CITATION: Chegancas v. Lukezic, 2011 ONCA 391
DATE: 20110520
DOCKET: C53123
COURT OF APPEAL FOR ONTARIO
Rosenberg, Lang and Watt JJ.A.
BETWEEN
Arcanjo Chegancas
Plaintiff (Respondent)
and
Marija Majda Lukezic, James Joseph Lukezic, Walker Hall Winery Ltd. and Walker Hall Holdings Ltd.
Defendants (Appellants)
James Joseph Lukezic, in person for the appellants
Mitchell Rose, for the respondent
Heard: May 17, 2011
On appeal from the order of Justice Joseph W. Quinn of the Superior Court of Justice, dated December 9, 2010.
ENDORSEMENT
[1] The appellants appeal the motion judge’s decision dismissing their motion to set aside the default judgment that formed the foundation for the writ of possession.[^1] The appellants also move for a stay of the execution of the writ of possession.
[2] As the motion judge observed, the appellants offered the motion court “no plausible explanation” for their significant delay in moving to set aside the default judgment. On appeal, the appellants’ material continues to offer no plausible explanation. Nonetheless, in argument, Mr. Lukezic tried to advance information about an alleged forbearance agreement that was not contained in the record before the court on the hearing of the motion.
[3] Mr. Lukezic acknowledges this is so, but characterizes his affidavit simply as “a bit incomplete”. Mr. Lukezic concedes that he understood the importance of bringing a motion for fresh evidence before this court if he wanted to introduce further evidence. However, he says he was busy with other court matters and could not do so. When asked about this, Mr. Lukezic suggested that an adjournment be granted so that he could expand on the evidence before this court.
[4] In our view, even if such an adjournment were granted, the proposed fresh evidence would fail the Palmer test because the evidence was available at the time the motion was argued. As well, the new evidence could have been properly presented to this court had the appellants brought a timely motion to admit fresh evidence. Moreover, the only admissible evidence about the alleged forbearance agreement (to provide wine in exchange for forbearance on the mortgages) came on behalf of the respondents. Their affidavit offered an explanation of the circumstances under which the wine was provided. The appellants did not attempt to file material responsive to that explanation or to cross-examine on the particular affidavit.
[5] In addition, it appears that the appellants have made no successful effort to refinance since August 2010, when they say they first learned of the respondents’ intention to enforce possession. In all the circumstances of this case, it appears that today’s request for an adjournment is simply another attempt to delay the inevitable.

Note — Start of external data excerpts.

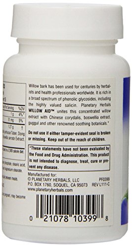 ReleaseDate : 2015-06-22 Studio : Planetary Herbals Publisher : Planetary Herbals Binding : Health and Beauty Product Description Willow bark has been used for centuries by herbalists and health professionals worldwide. It is rich in a broad spectrum of phenolic glycosides, including the highly valued salicin. Planetary herbals willow aid unites this concentrated willow extract with Chinese corydalis, boswellia extract, guggul and other renowned soothing botanicals. 0
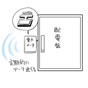 配電盤に電力メータを設置し、OZVからデータを定期的に送信し、遠隔地から消費電力の監視を行うデマンド監視システムを構築できます。
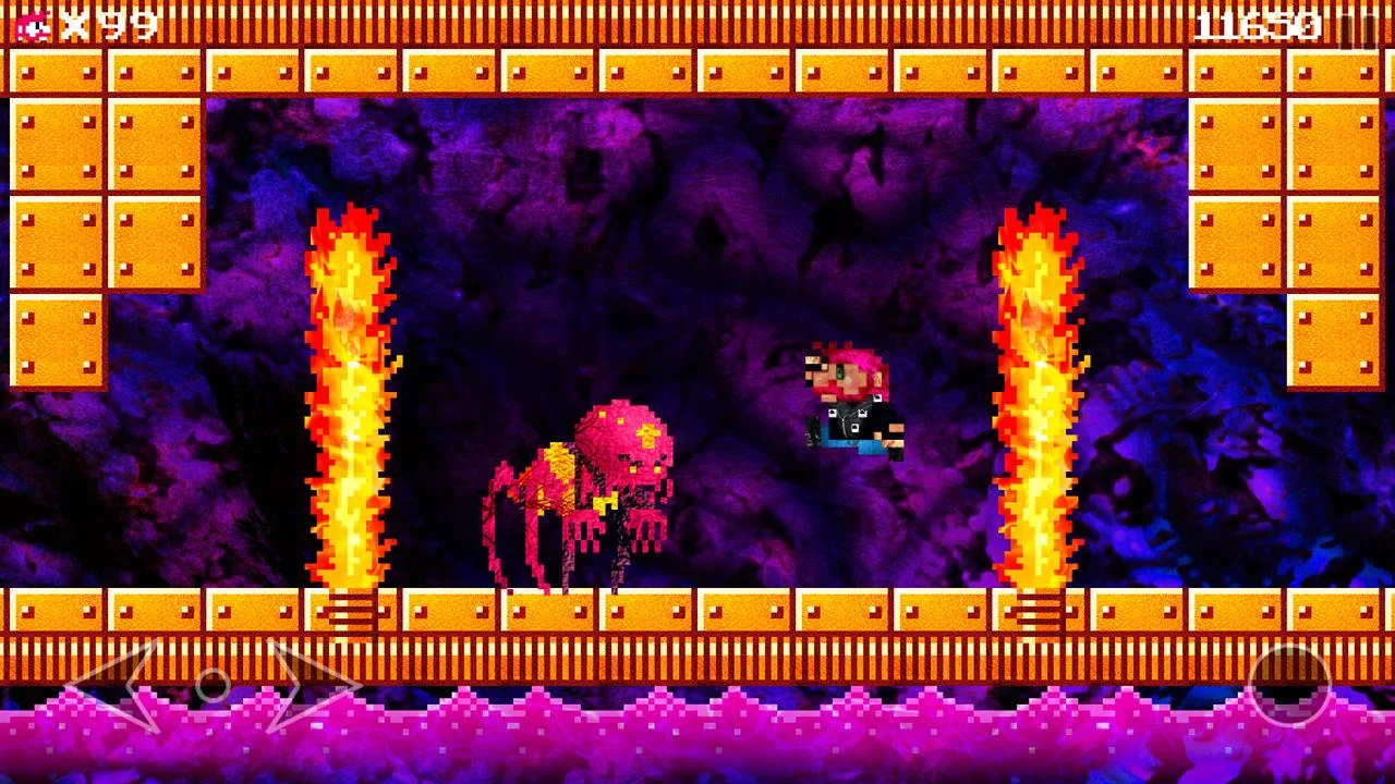 Este juego de plataformas retro rinde homenaje y parodia, clásicos como Super Mario Bros., Castlevania y Mega Man, con estilo!
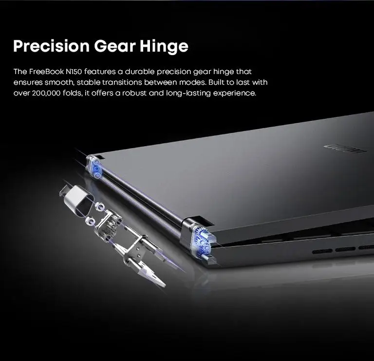The FreeBook N150 features a durable precision gear hinge thatensures smooth, stable transitions between modes. Built to last withover 200,000 folds, it offers a robust and long-asting experience.
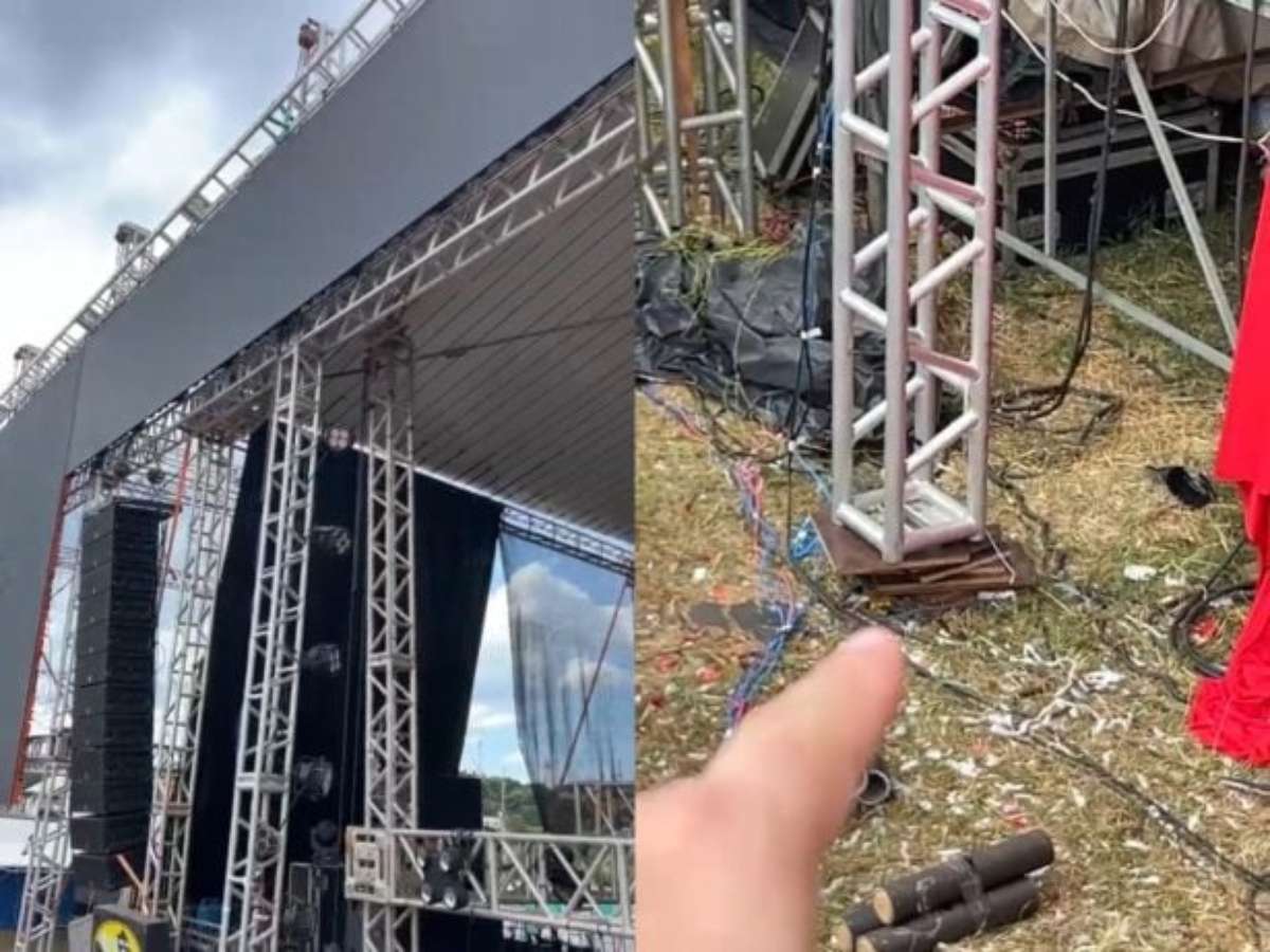 Em imagens divulgadas, é possível ver amarrações com cintos e torre apoiada sobre pedaços de madeira. A organização alegou que o local não suportariam um show.
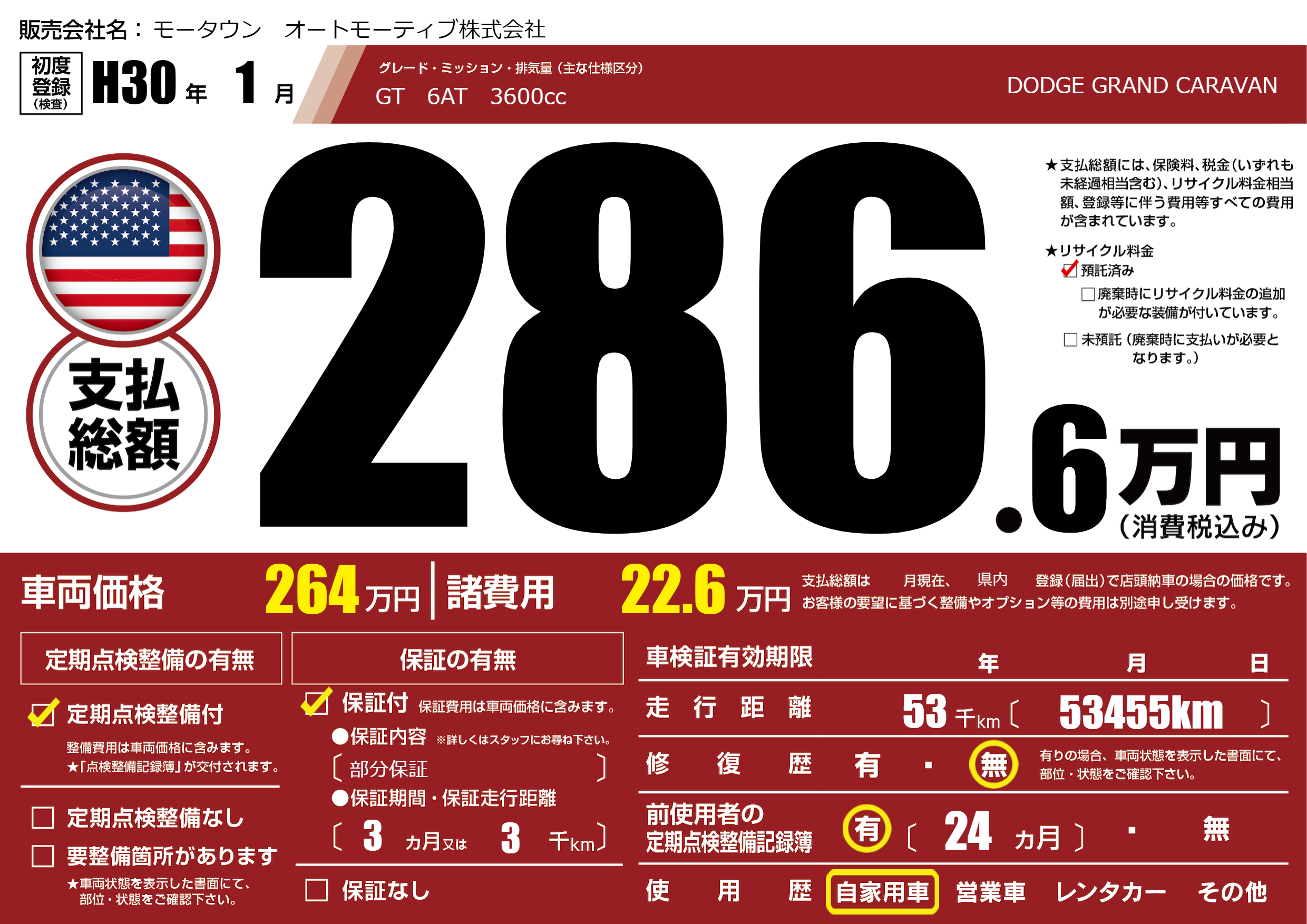 | 車名 | DODGE GRAND CARAVAN | グレード ミッション 排気量 |
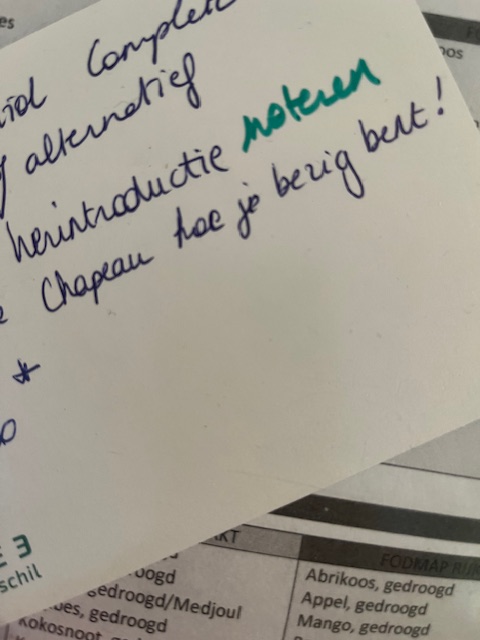Ik blij, de diëtiste ook blij. Ik kreeg zelfs een complimentje dat ik goed bezig was, en toen ik thuiskwam zag ik datzelfde complimentje op het kaartje staan die ze met me meegaf. Een steuntje in de rug is altijd plezant en zorgt ervoor dat je iets volhoudt. Het kwam ter sprake dat ik het voordoe alsof het een makkelijk dieet is, terwijl het dat eigenlijk niet is. En dat klopt wel, maar ik hou in mijn achterhoofd dat ik het slechts eenmaal moet volhouden en ik dan eindelijk weet waarvan ik buikklachten krijg.

[6] In our view, on the basis of the material before him, it was open to the motion judge to dismiss the motion. He was entitled to conclude that the appellants had not met the applicable test. We see no basis to interfere with his determination. Accordingly, the appeal is dismissed.
[7] We dispense with the approval of the appellants to the form of the order dismissing the appeal. Execution of any writ of possession shall be stayed until June 17, 2011.
[8] The respondents are entitled to costs of the appeal as well as costs of the motion, which we fix at a total of $9,000.00, including disbursements and applicable taxes.
“M. Rosenberg J.A.”
“S.E. Lang J.A.”
“David Watt J.A.”
[^1]: The parties agree that this appeal applies to the default judgment and writ of execution entered in Superior Court files numbered 51909/10 and 51910/10.